◆ Material for this task ◆
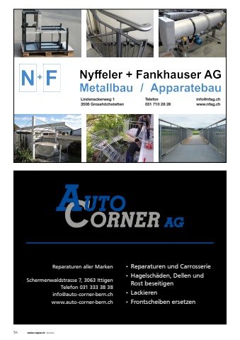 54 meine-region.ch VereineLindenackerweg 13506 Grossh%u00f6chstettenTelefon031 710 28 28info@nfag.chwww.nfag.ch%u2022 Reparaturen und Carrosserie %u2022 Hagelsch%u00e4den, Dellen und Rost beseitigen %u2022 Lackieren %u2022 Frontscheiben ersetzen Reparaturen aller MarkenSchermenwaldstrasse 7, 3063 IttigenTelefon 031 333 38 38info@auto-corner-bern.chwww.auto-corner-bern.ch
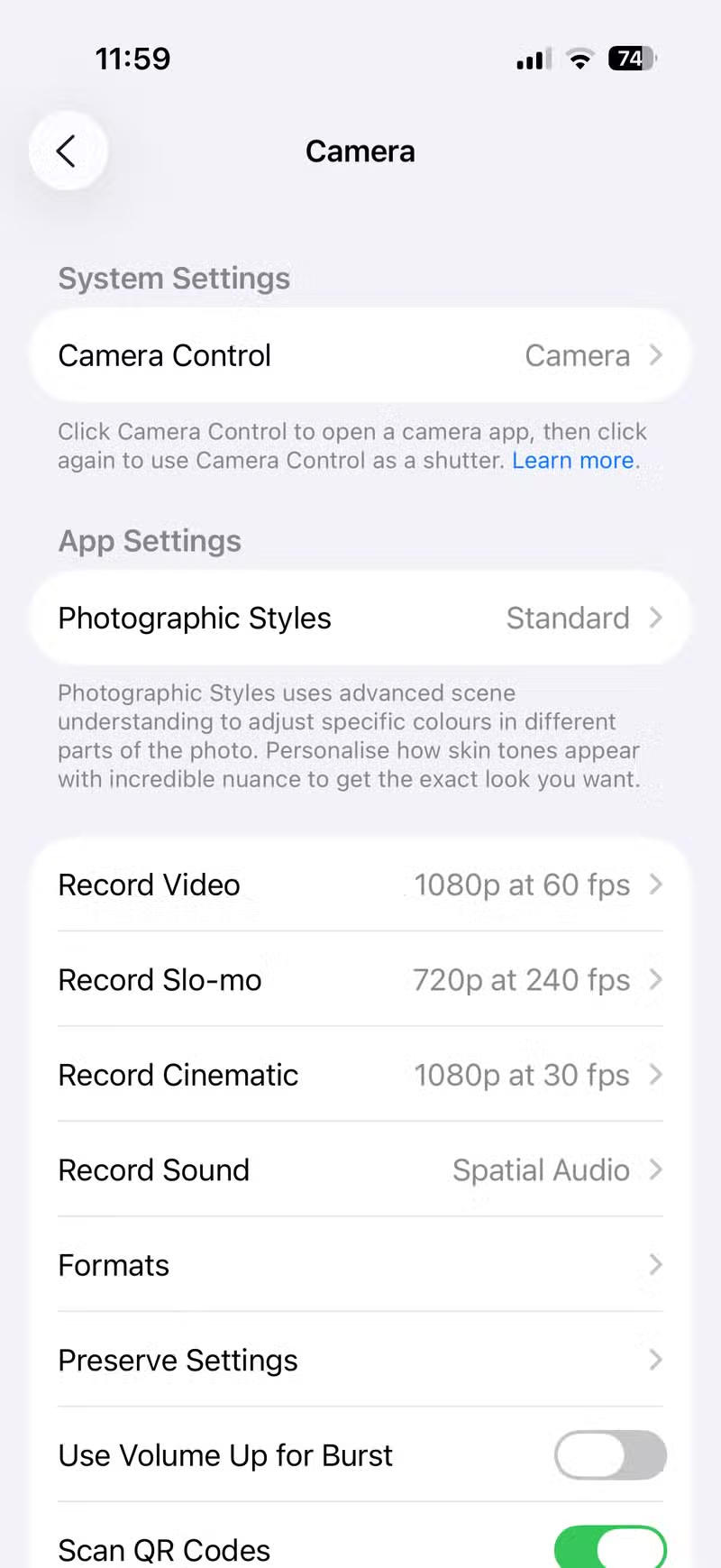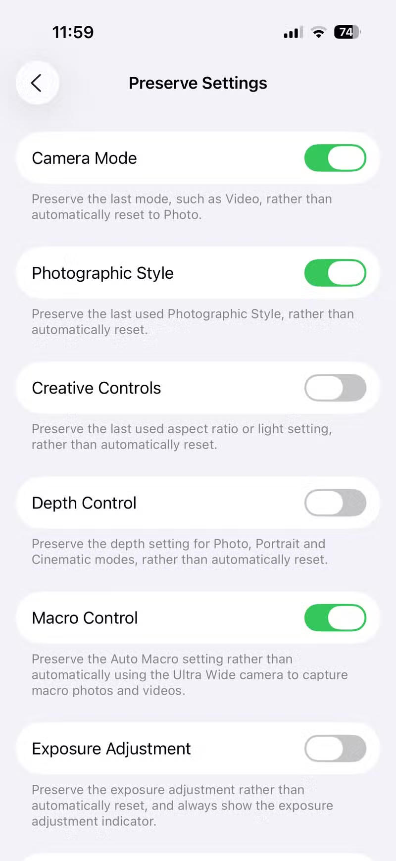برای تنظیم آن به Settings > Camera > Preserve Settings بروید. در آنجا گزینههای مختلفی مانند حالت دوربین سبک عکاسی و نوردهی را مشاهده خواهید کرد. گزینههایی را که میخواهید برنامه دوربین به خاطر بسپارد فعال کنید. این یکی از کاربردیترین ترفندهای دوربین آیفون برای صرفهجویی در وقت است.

==

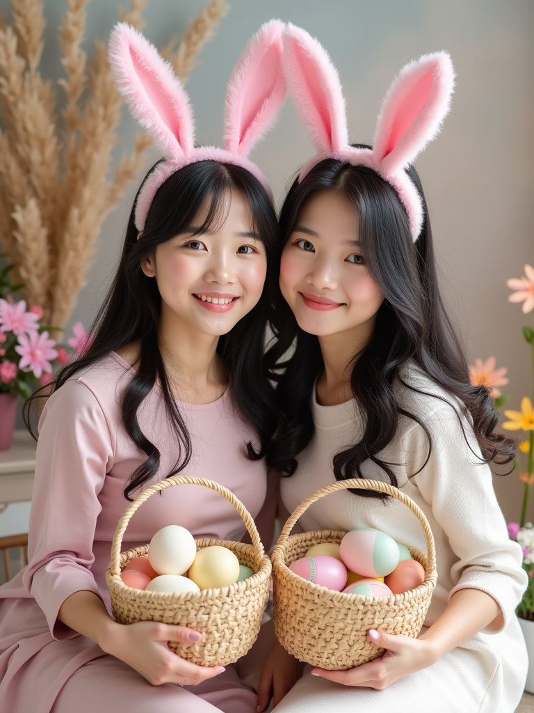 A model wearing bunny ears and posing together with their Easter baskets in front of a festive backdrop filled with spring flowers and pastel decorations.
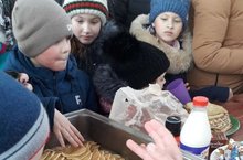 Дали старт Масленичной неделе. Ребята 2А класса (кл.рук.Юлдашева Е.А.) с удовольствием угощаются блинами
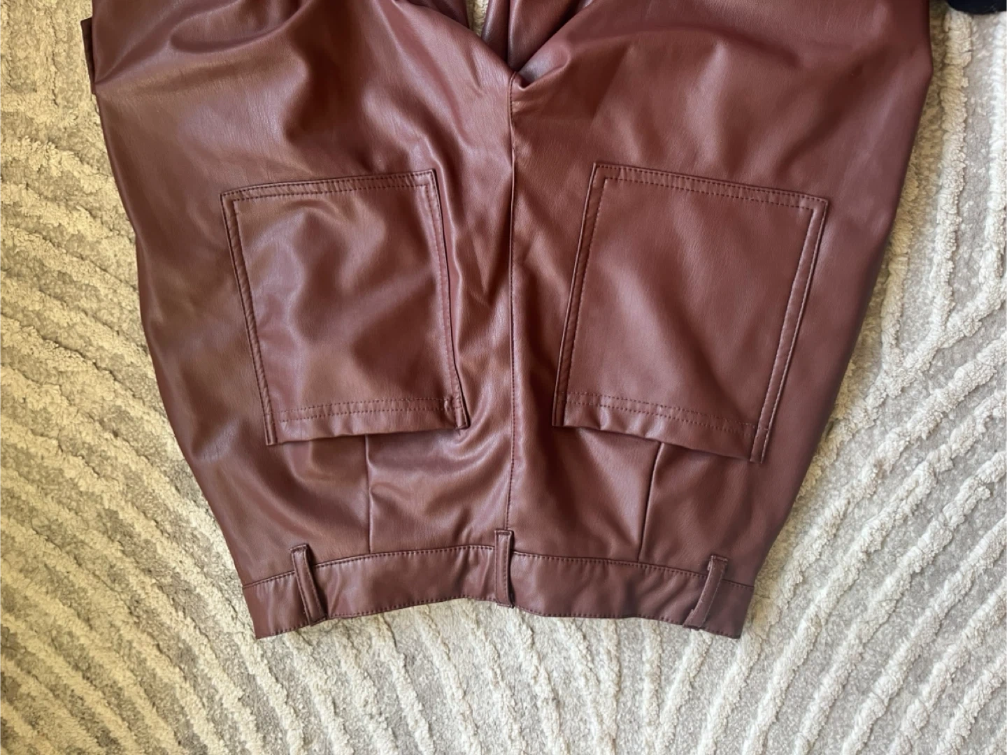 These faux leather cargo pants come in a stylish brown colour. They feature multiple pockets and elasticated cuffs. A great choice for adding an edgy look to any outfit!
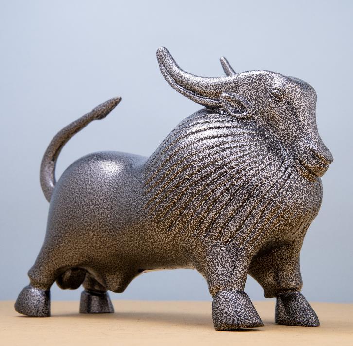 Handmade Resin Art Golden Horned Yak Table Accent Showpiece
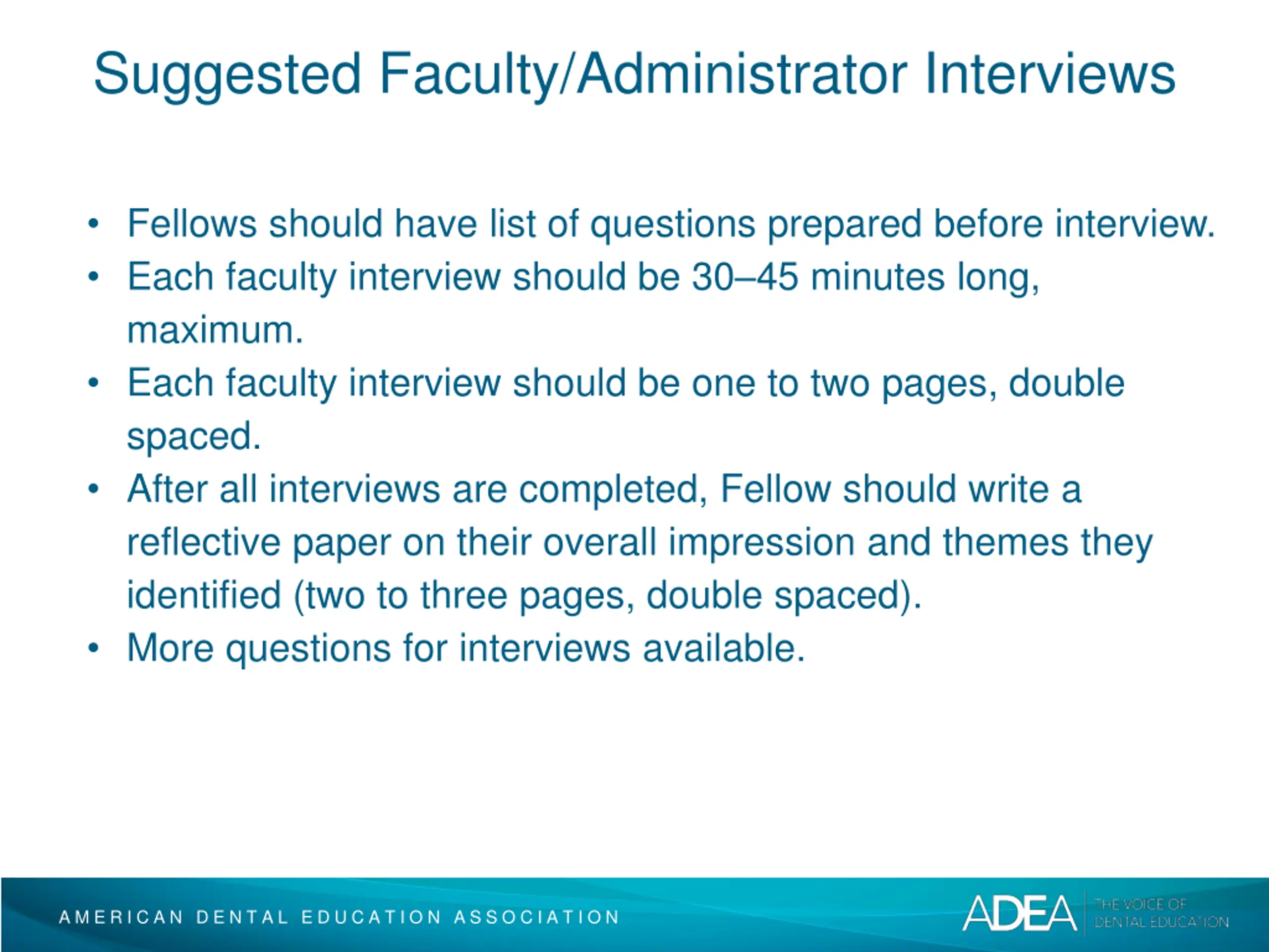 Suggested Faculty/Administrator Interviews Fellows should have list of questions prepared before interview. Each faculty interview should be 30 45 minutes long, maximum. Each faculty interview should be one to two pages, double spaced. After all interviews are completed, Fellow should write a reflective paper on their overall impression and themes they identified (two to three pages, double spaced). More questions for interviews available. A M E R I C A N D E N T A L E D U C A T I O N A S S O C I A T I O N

◆ Activity ◆
Please return the data above exactly as it stands from the line with "These faux leather" to the line with "Handmade Resin Art", keeping both of those lines but none of the pictures.

◆ Completed task ◆
 These faux leather cargo pants come in a stylish brown colour. They feature multiple pockets and elasticated cuffs. A great choice for adding an edgy look to any outfit!
 Handmade Resin Art Golden Horned Yak Table Accent Showpiece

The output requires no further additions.